→ **What to produce**
One figure is the expected answer: how many lines in the listing contain "from".

→ **Supplied entries**
·····

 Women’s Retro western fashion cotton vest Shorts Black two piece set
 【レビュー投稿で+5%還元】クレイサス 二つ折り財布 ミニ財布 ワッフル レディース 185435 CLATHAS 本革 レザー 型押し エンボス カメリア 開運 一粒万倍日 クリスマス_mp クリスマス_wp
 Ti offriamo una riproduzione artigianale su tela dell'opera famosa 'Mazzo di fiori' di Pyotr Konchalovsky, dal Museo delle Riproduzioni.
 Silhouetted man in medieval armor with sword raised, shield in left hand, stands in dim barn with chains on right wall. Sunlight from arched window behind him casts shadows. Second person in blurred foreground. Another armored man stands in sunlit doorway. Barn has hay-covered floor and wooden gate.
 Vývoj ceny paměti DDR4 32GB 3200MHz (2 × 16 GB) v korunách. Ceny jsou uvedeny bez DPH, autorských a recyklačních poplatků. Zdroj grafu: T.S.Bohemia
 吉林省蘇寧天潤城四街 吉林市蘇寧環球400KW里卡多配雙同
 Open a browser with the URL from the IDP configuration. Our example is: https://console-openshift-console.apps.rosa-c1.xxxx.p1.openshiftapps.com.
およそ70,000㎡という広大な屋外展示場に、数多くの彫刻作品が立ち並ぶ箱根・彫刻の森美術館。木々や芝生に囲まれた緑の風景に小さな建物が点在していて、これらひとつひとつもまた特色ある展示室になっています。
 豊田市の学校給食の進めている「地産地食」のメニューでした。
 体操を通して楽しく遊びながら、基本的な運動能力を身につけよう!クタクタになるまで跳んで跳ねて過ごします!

·····

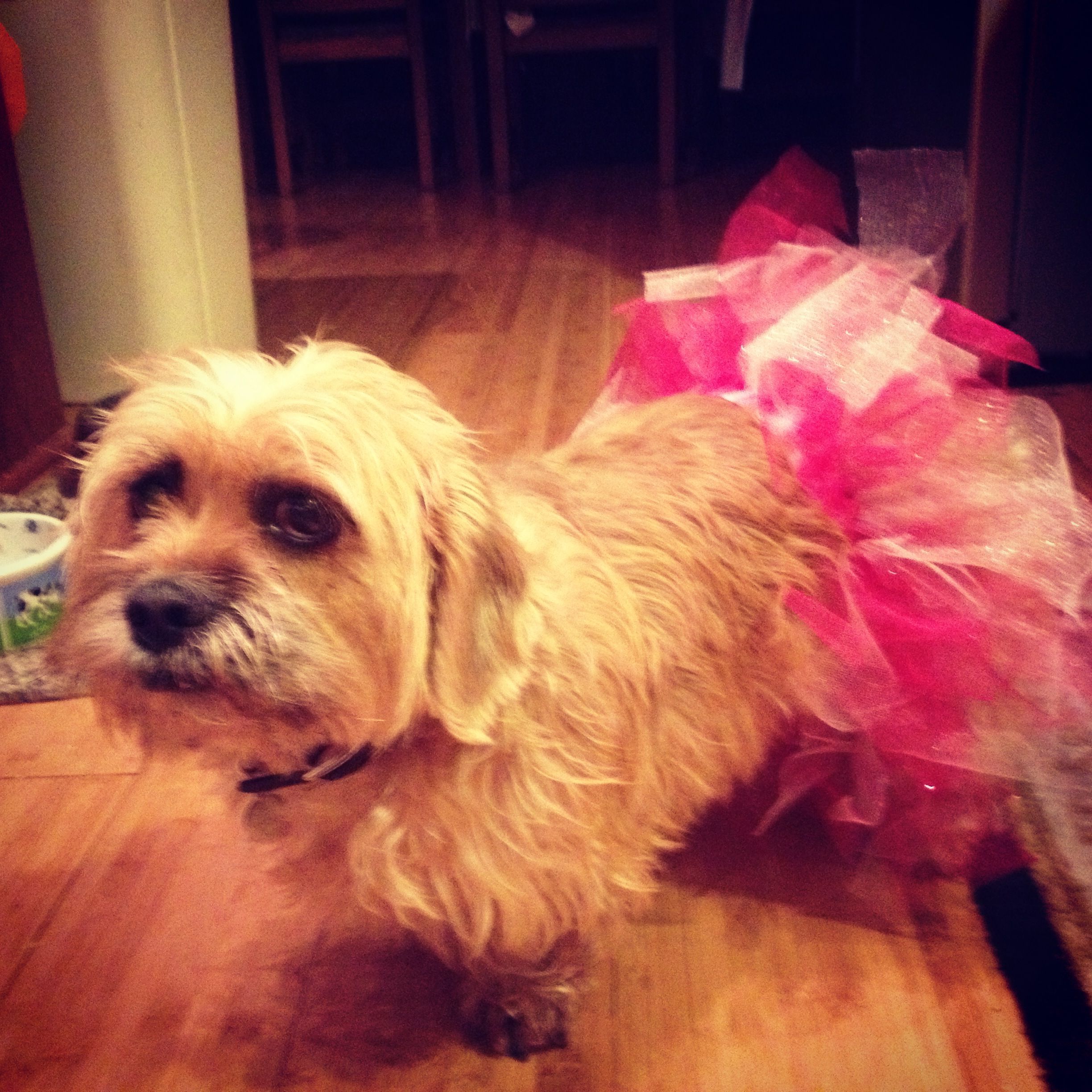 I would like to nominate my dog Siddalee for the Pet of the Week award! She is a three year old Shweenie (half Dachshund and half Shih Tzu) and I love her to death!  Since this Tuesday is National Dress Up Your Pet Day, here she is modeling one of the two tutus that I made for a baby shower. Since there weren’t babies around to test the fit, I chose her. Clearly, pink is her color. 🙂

·····

→ **Answer for the task**
2